In Practice: One subscriber did not use the excuse of a "bad month." The evidence shows that every single month without exception ended up with a net pips loss, averaging -736 pips per month.


3. The "Best" Trades Rarely Even Get Close to Offsetting the "Worst" Trades


The disparity between the best and poorest results is severe.


Insight: The greatest solo trade of them all would hardly cover a single sub-par loss of 55 pips. Truth be told, it would require nearly 3.3 of the greatest trades just to cover a single of the worst trades of 141 pips (-141 pips / 89 pips ≈ 3.3).


In Practice: The system thus does not have any "home run" trades that would cancel out the huge losses it so frequently incurs. The victories also fall short of providing any notable buffer.


4. The Plan Functions as a "Pip Leak," but Never as a "Pip Fountain"


The cumulative effect over time is a steady, predictable drain.


Insight: The data translates the monthly losses into a simple, grim metric: the channel effectively burns ~169 pips of capital every single week.

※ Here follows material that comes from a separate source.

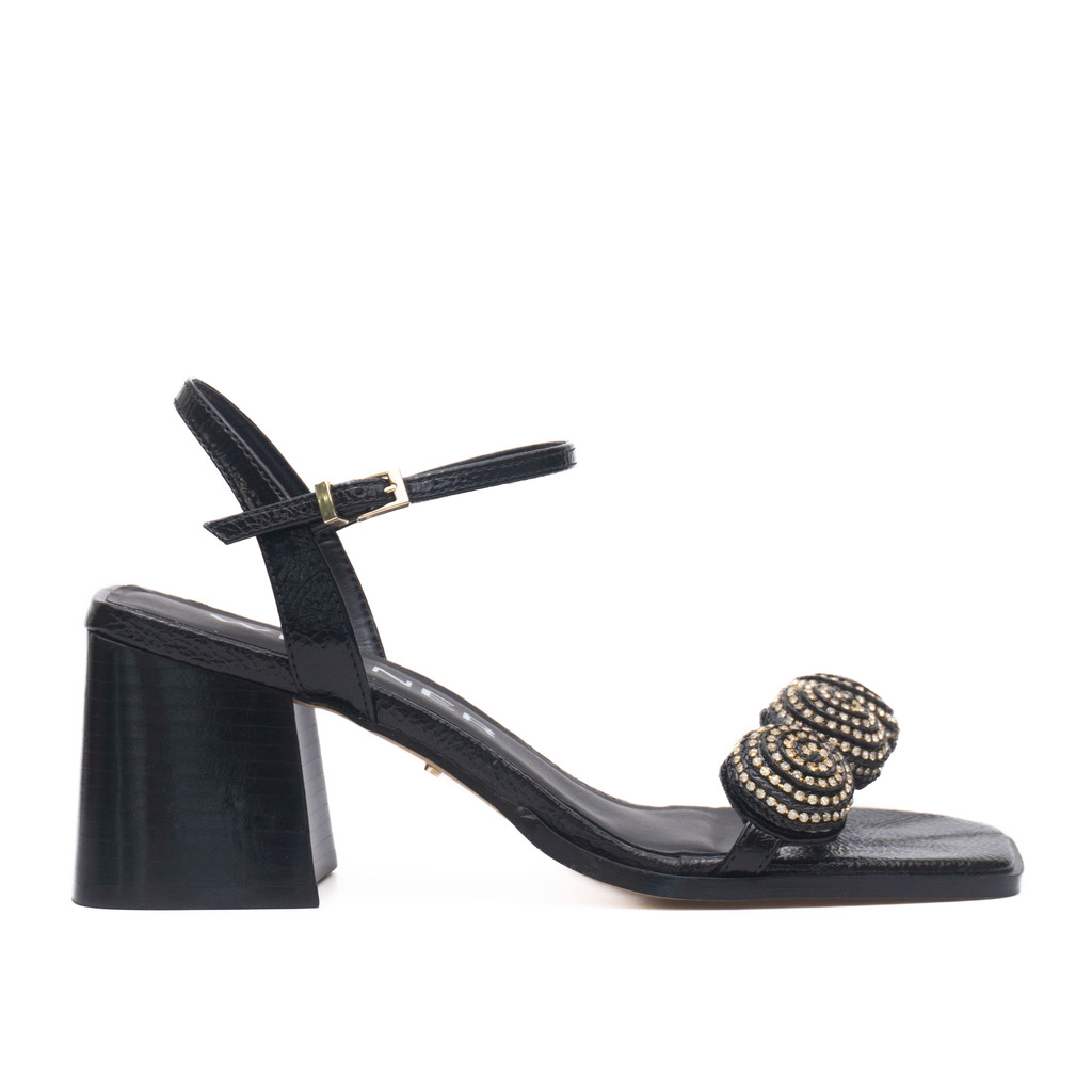 A cor desse modelo é um tom de preto em material verniz texturizado e palmilha em couro.

In Practice: This is not a volatile "roller coaster" for a subscriber; it's a slow and steady fall. Following this channel with real money means having a periodic weekly fee taken out of your trading account regardless of what the short-term ramifications for each individual signal happen to be.


The Bottom Line


The "Arman Shaban Trading" channel is also a huge financial risk for the subscribers. While it might seem genuine with a few years of existence, the trading approach itself is mathematically incorrect and will lose money in the long run.


Our 12-month review demonstrates a recurring and significant monthly deficit, measured at -736 pips per month on average. The fundamental issue is a terminal pairing of a weak winning percentage (42%) and a catastrophic risk/reward ratio, with the typical loss (-55 pips) being over three times as big as the typical gain (+17 pips). This translates as the regular losses consistently eating away at the sporadic, tiny gains.


That is, paying for this specific channel is equivalent to paying for a consistent leak within your trading account that on average translates at -169 pips per week. The facts and figures indisputably demonstrate that this is not a short-term dive, but rather the definition of the approach itself.



Our Rating: Bad



Verdict: Avoid. Traders must look for brokers that voluntarily advertise their long-term, net-positive records and commit themselves to a long-term risk-management approach.